Scalable machine learning algorithms using path signatures

Abstract:
In this thesis, we consider the integration of path signatures–a mathematical object rooted in rough path theory–with scalable machine learning algorithms to address challenges in sequential and structured data modelling. The key topics considered include:
Path Signatures: Introduced as a hierarchical and theoretically robust feature representation for sequential data, path signatures faithfully capture dynamics while offering properties like invariance to reparameterization and tree-like equivalence. Challenges like computational overheads are addressed through novel algorithms throughout the thesis.
Gaussian Processes: We demonstrate embedding signature kernels into Gaussian process models, offering an expressive probabilistic modelling approach for sequential data while tackling computational barriers via sparse variational inference techniques. This approach enhances performance on probabilistic time series classification tasks.

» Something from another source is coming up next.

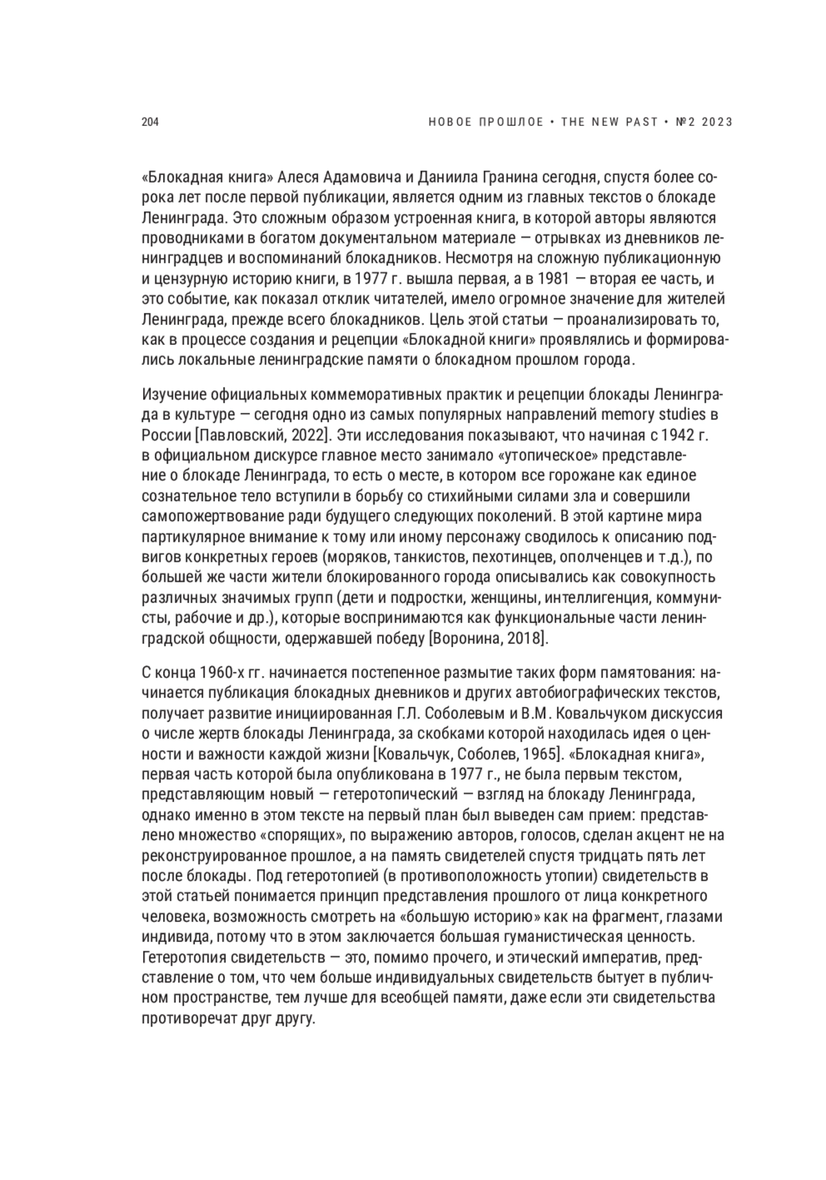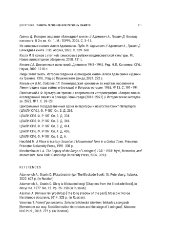 11. Павловский А.Ф. Культурная травма и современная историография: “Вторая волна” исследований памяти о блокаде Ленинграда (2016-2021) // Историческая экспертиза. 2022. № 1. С. 26-29.

Seq2Tens Framework: Combines signature features with deep learning, using iterations of low-rank layers to mitigate computational costs while retaining expressiveness. Applications include time series classification, mortality prediction, generative modelling.
Graph Representation: Extends path signatures to graph data and connects them to hypo-elliptic diffusions, combined with low-rank techniques offering scalable architectures for capturing global and local graph structures, and outperforming conventional graph neural networks on tasks requiring long-range reasoning.
Random Fourier Signature Features: Introduces scalable random feature-based approximations for signature kernels with supporting theoretical results, overcoming computational limitations for large datasets while retaining state-of-the-art performance.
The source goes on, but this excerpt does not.